Image via ESA - AOES Medialab
By 2016, we just might have space lasers measuring the carbon dioxide in the atmosphere, and telling us whether or not (or how quickly and for how long) we’re melting the planet.
The Advanced Space Carbon and Climate Observation of Planet Earth – or A-SCOPE for short – is one of six possible missions to be considered for a feasibility study, which could lead to a 2016 launch timeframe for the mission. The idea is to understand more about how carbon dioxide moves between atmosphere, land and ocean in order to improve how we calculate the impact the greenhouse gas has on the earth, and therefore improve estimates on what we can do about it. In order to accomplish this, the project aims to do something really interesting:
The proposed measuring technique involves two short laser pulses being emitted at two adjacent wavelengths. This results in carbon dioxide being absorbed at one of the wavelengths but not by the other, which serves as a reference. The comparison of the reflected signals from both wavelengths yields the total column concentration of carbon dioxide. This novel approach implies that the return signal depends on the reflectance properties of the area of ground illuminated by the laser.
There is still a lot of footwork to do for this project, but if it is chosen, it could represent a very Star Trek way of analyzing carbon dioxide on earth - though it could be too little too late. The work they’re doing also is expected to help out scientists working on laser technology in general.
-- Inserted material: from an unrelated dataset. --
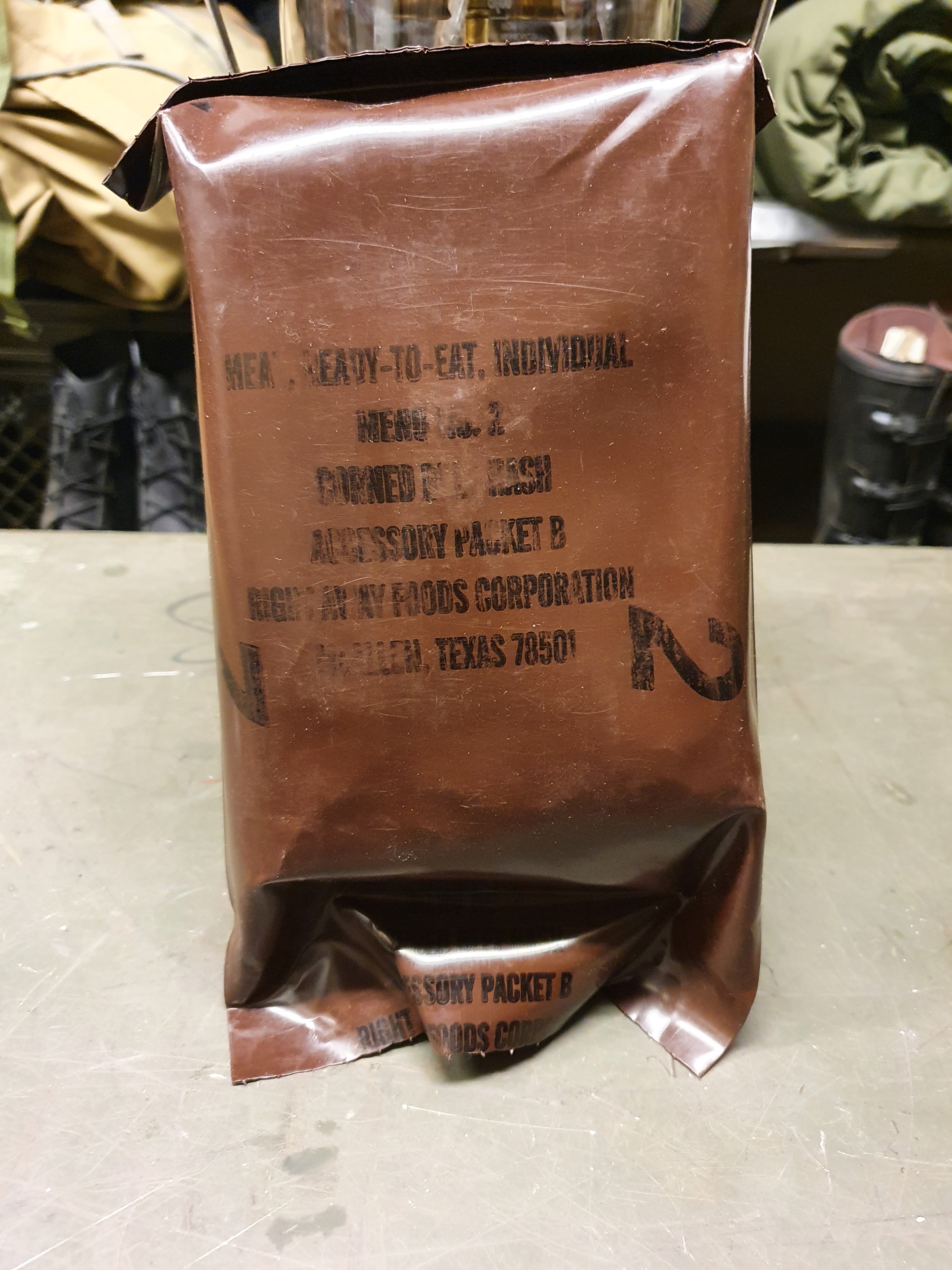 Good old fashioned mil spec government contracted food provided by the lowest bidder. Yumm!

Other Earth Explorer future missions under consideration include BIOMASS - to take global measurements of forest biomass; CoReH2O - to make detailed observations of key snow, ice and water cycle characteristics; FLEX - to observe global photosynthesis through the measurement of fluorescence; PREMIER - to understand atmospheric processes linking trace gases, radiation, chemistry and climate; and TRAQ - to monitor air quality and long-range transport of air pollutants.